Education and Public Programs

Educational programming includes docent tours modeled after practices at Metropolitan Museum of Art, studio workshops akin to offerings at School of the Art Institute of Chicago, and lecture series featuring scholars from Columbia University, University of Pennsylvania, Harvard University, Brown University, and Yale University. Public programs partner with civic organizations such as New Haven Symphony Orchestra, Long Wharf Theatre, Shubert Theatre, City of New Haven, and Yale School of Drama for interdisciplinary events. Youth outreach mirrors collaborations undertaken by Art Bridges, National Endowment for the Arts, Americans for the Arts, and Alliance for Young Artists & Writers. Internship and curatorial training align with graduate programs at Institute of Fine Arts, NYU, Courtauld Institute of Art, and Royal College of Art.
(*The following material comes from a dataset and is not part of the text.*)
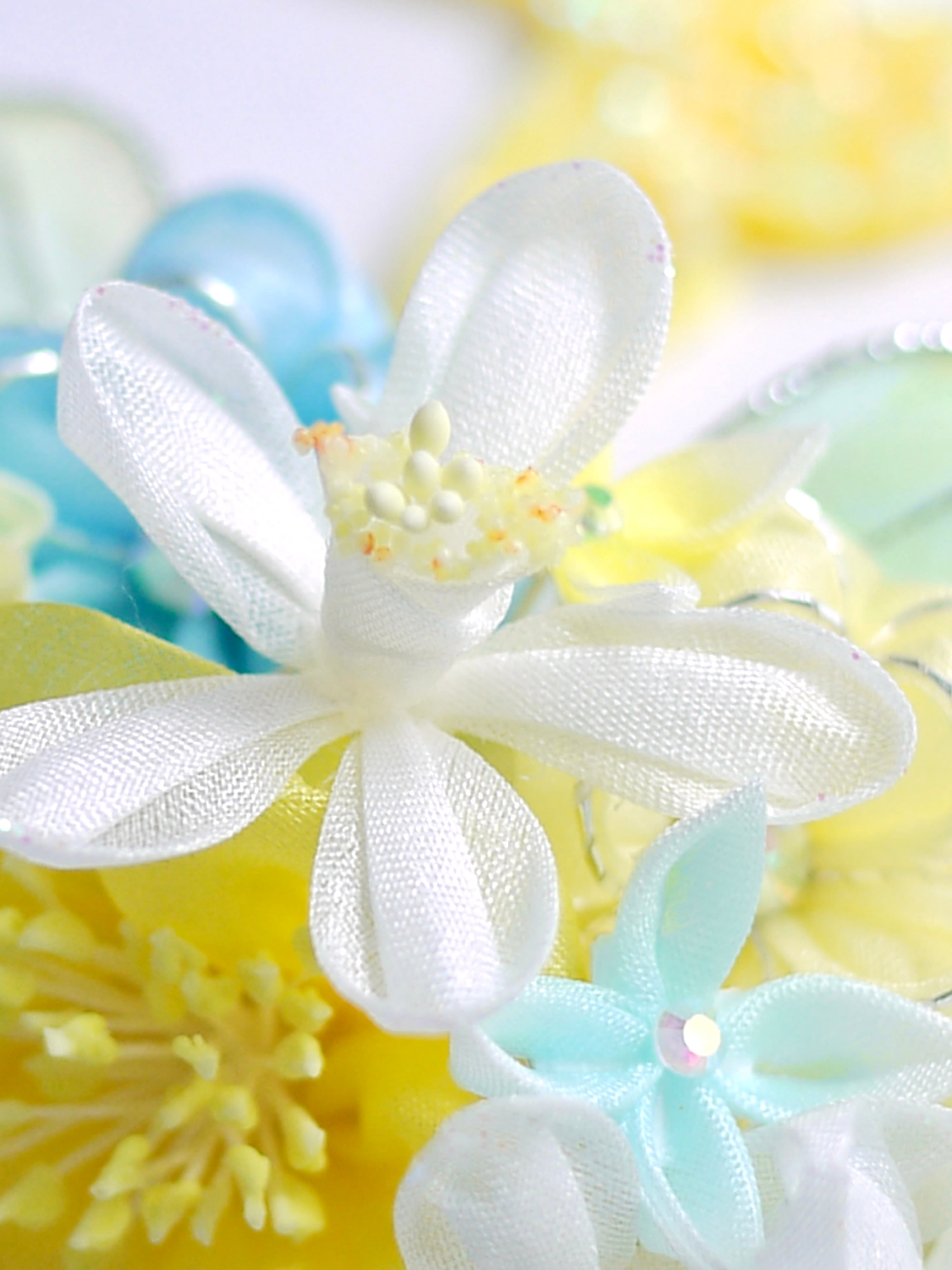 つまみ細工は専用の糊のみで制作しております、水に濡れると糊が溶けて型崩れしたり、正絹地が変形・変色する原因になることがございます。 雨や水濡れ・湿気には十分お気をつけください。 濃色のものは特に色移りする場合がございます

Administration and Funding

Governance follows non-profit museum models comparable to boards of trustees at Whitney Museum of American Art, Brooklyn Museum, San Francisco Museum of Modern Art, and Museum of Contemporary Art, Los Angeles. Funding sources include private philanthropy linked to families involved with Rockefeller Foundation, Carnegie Corporation, Ford Foundation, Andrew W. Mellon Foundation, and Krupp Foundation; corporate sponsorships similar to partnerships with Bank of America, JP Morgan Chase, and Bloomberg Philanthropies; and competitive grants from National Endowment for the Humanities and National Endowment for the Arts. Annual fundraising events reflect formats used by institutions like Metropolitan Museum of Art and Guggenheim Museum gala committees. Administrative operations coordinate with university advancement offices, alumni networks such as Alumni Associations of Ivy League Universities, and municipal cultural agencies including Connecticut Office of the Arts.